In my first year as a teacher, I registered for a workshop to be held in the auditorium of a local Catholic school. Tired teachers attend these kinds of workshops after a long day of teaching. On the appointed date, the guardians of the classroom stumbled in, cold and soggy, to take their seats in the large, overheated theater. My head was filled with lesson plans, new ideas, and the excitement of having my own classroom. I was staring off into space when a familiar face caught my eye from across the room. She wore black slacks now, and a black and white patterned blouse. No longer did she seem so tall, and her angular body had filled out; she was older and more stooped, but I knew the face and her blue eyes.
“Miss Ford?” I called out. She turned. “I was in your sixth grade class back in the 70s.” The smile of recognition spread across her face and she reached out to hug me. “I teach sixth grade too, now,” I told her.
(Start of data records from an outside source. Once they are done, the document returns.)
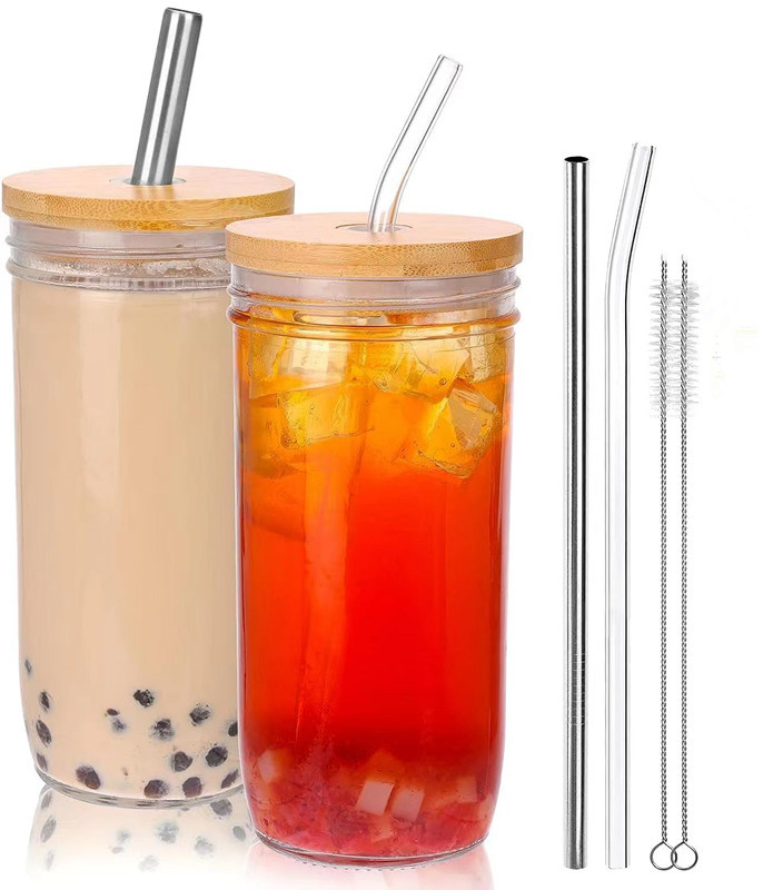 アマゾン カバー付きジュースグラス 冷たい飲み物用グラス メイソンジャー風ガラス瓶 ミルクティー ストローカップ 竹製 携帯用
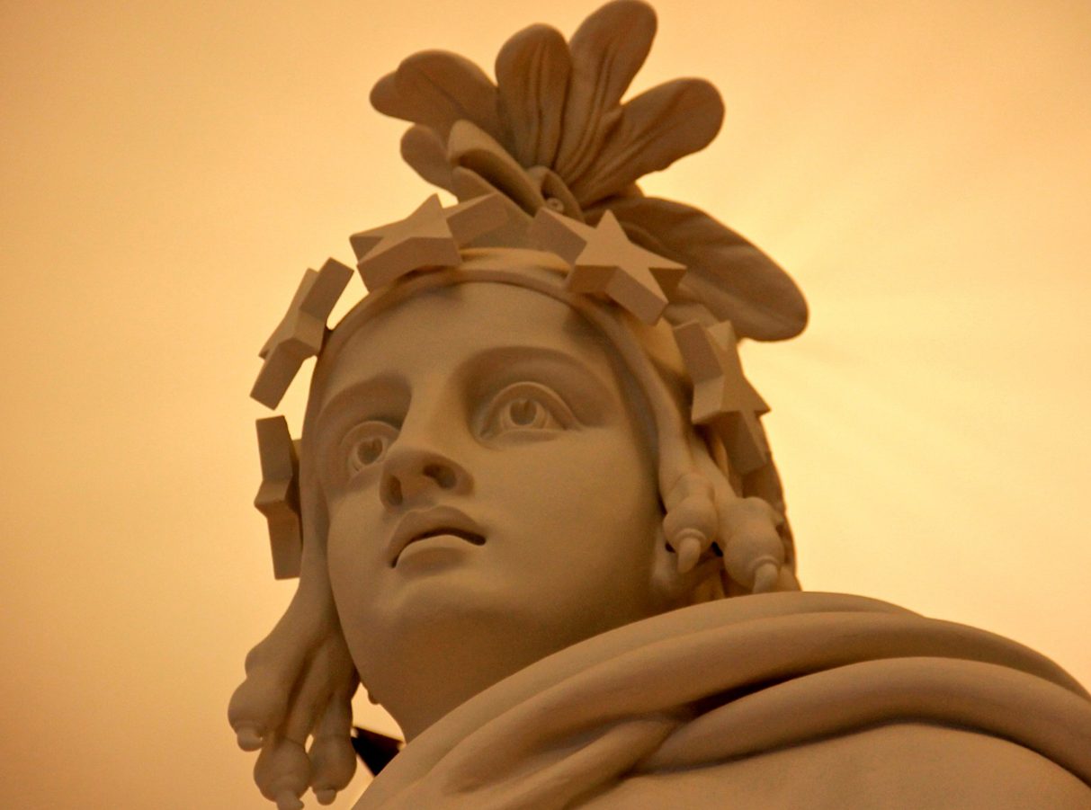 Head of the Statue of Freedom standing atop the Capitol Building looking somewhat bewildered, almost saying, “Where is everybody?”
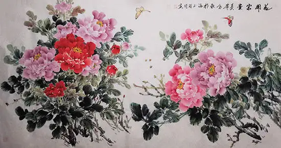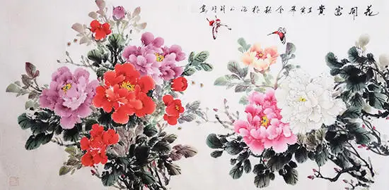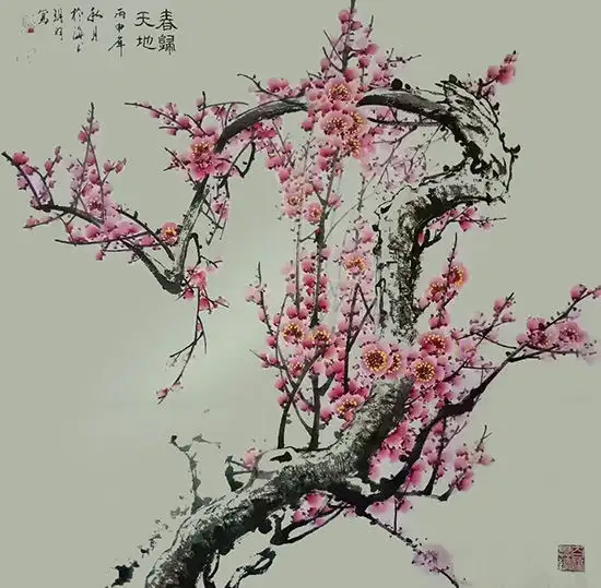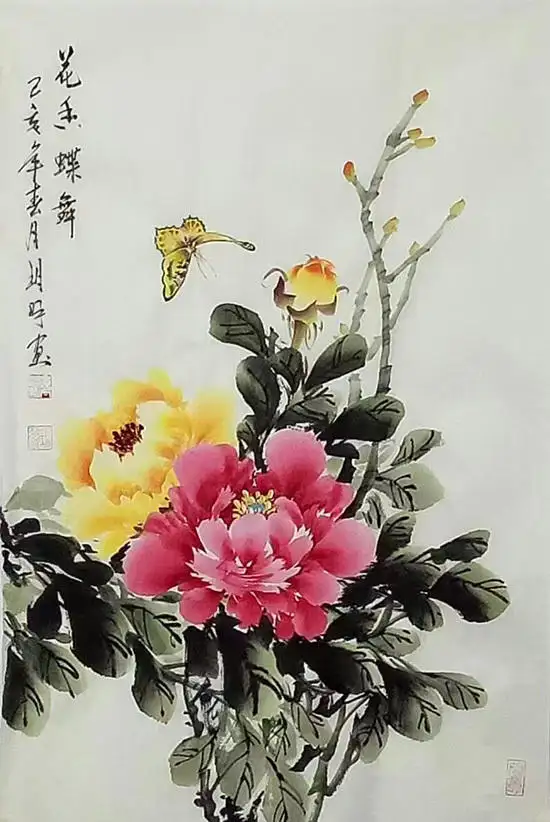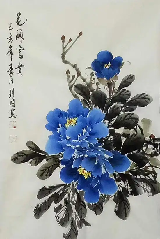 在她的花鸟作品中,牡丹与梅花是出镜率最高的题材,却被她画出了与众不同的韵味。画牡丹时,她摒弃了常见的浓艳俗媚,转而追求“雅俗共赏”的境界。她笔下的牡丹,花瓣层层叠叠,墨色浓淡相宜,既用厚重的笔墨表现花瓣的饱满丰盈,又以细腻的线条勾勒花脉的灵动飘逸;色彩上,或艳而不俗,或雅而不淡,朱红、粉白、嫩黄等色调在宣纸上交融晕染,宛如雨后初晴的牡丹园,暗香浮动,生机盎然。她注重捕捉牡丹的“神韵”,而非单纯描摹形态,枝干的苍劲、叶片的舒展、花朵的娇羞,都被她刻画得淋漓尽致,既展现了牡丹“花中之王”的雍容华贵,又传递出“富贵吉祥”的美好寓意。
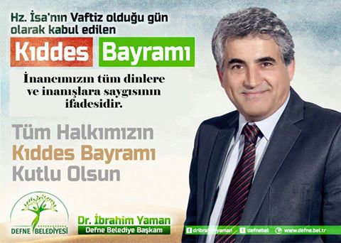 Defne Belediye Başkanı Dr. İbrahim Yaman, Hz. İsa’nın vaftiz edildiği gün olarak 19 Ocak’ta kutlanan Kıddes Bayramı ile ilgili kutlama mesajı yayınladı.
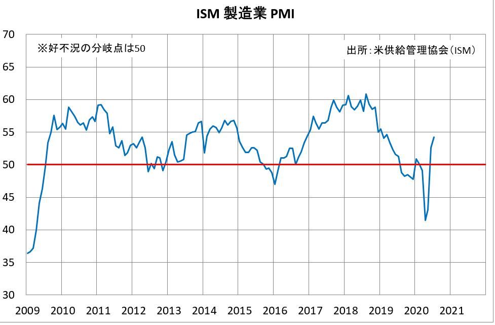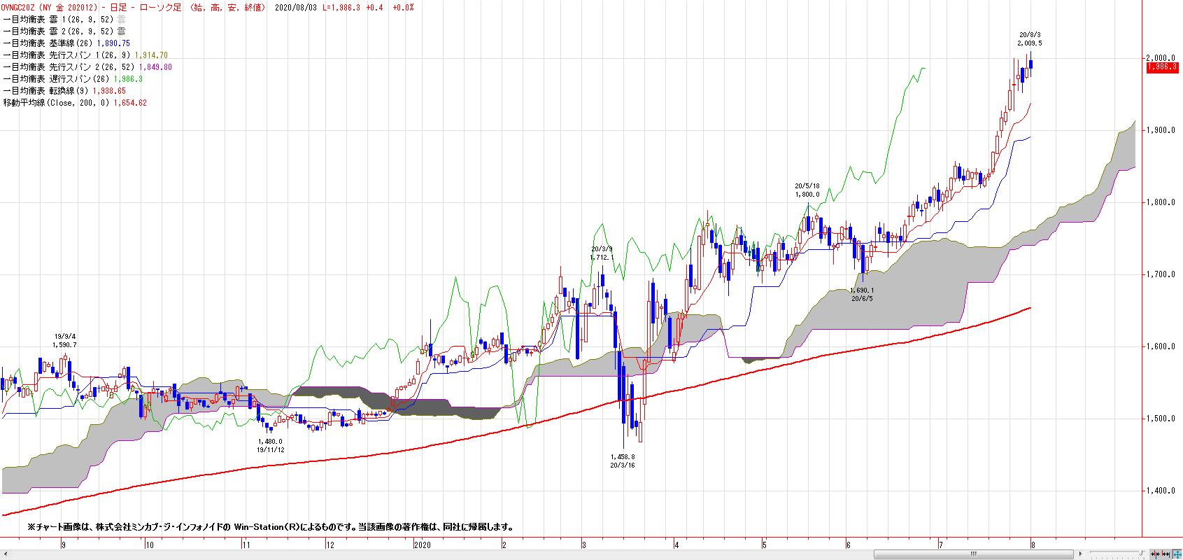 中国の7月の財新の中国製造業PMIが9年半ぶりの高水準となった事に続き、7月のドイツやユーロ圏の製造業PMIは上方修正され、ユーロ圏の製造業PMIは51.8まで回復。7月の米ISM製造業景況感指数も54.2と3ヶ月連続で上昇し、市場予想も上回ったこともあり、コロナ感染拡大懸念や、米中対立懸念もあるものの、NY金(12月限)は、2000ドルで上げ一服となっている。
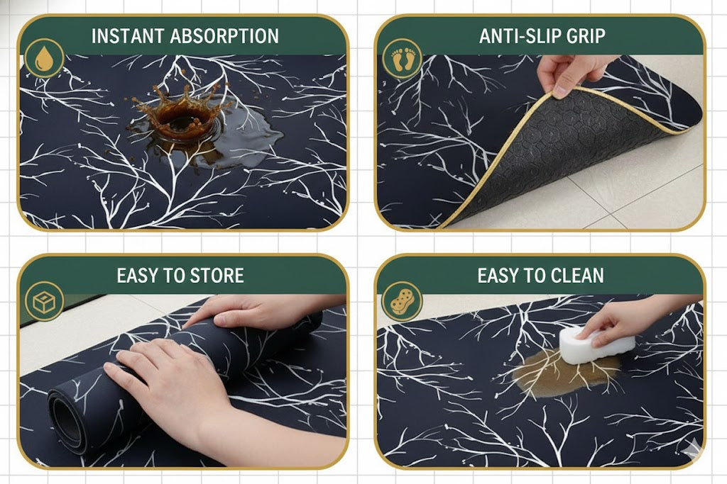 Yes. CozyMat™ is designed to absorb water the moment it touches the surface, helping keep your sink and stove area dry. This prevents puddles, slippery floors, and repeated wiping throughout the day.
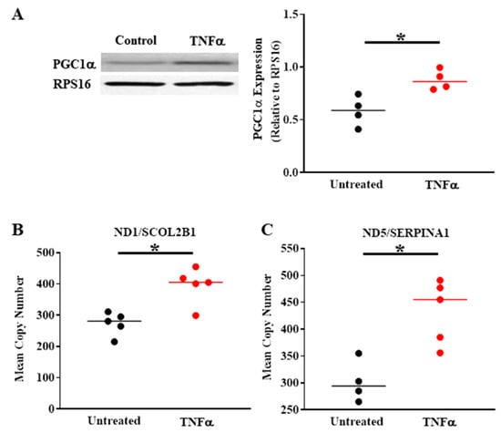 Compared to untreated controls, TNFα (20 ng/mL, 24 h) increases PGC1α protein expression in human ASM (A) and mitochondrial DNA copy number (B,C), indicating an increase in mitochondrial biogenesis. (* denotes a significant difference between TNFα treated and untreated control groups; p < 0.05; t-test; cells were dissociated from ASM samples from n = 5 patients and divided into TNFα treated and untreated control groups). All data are presented as scatter plots with the lines indicating the mean values. These figures are modified from presentations of previously reported results [].

She held my hands as we talked. She was teaching at the very school hosting the workshop. Second grade. When I told her how hard that must be, she smiled and told me that teaching was teaching. She had never married, never had kids of her own. Her life was about service to hundreds, maybe thousands of students, firing them up with the love of reading. Her reward: Saturday afternoons on the couch with a thick book and bread baking in the oven.
The lights in the auditorium began to fall. “I just wanted to tell you,” I said quickly. “I just wanted to tell you I became a reader in your class. And I don’t know how I would have survived otherwise.” Her eyes filled with tears as she clutched my hands. “I keep a chart for my kids just like the one you used.” The lights went out and the speaker was being introduced. She pulled me close for another hug and then I hurried back to my seat.
I don’t know what was said in that long ago workshop. I spent the time lost in the memory of the boy I was in the class where I learned to love books. I saw Miss Ford glance over at me and smile. When the workshop broke up, I lost her in the crowd. I don’t know how long she continued to teach after that, or when she retired.
Teachers, like lost souls, come to us when we call. And this is why I’ve been looking in vain for Mary Ford. The path forward is not clear; too many false starts, dead ends, misdirection. Although I remain a passionate teacher, an insatiable reader, I am more writer now. I read and write in a desperate search for answers. I look for the metaphor, the symbol, some wisdom, and enlightenment. Like the boy pedaling through the streets of the city with a view no one could see, I look for stories that tell me I’m not alone, that adventures are mistakes you survive, and that the journey never ends and is a reward in itself.
And, I think of Mary Ford, teacher of children, lover of books, wherever she might be.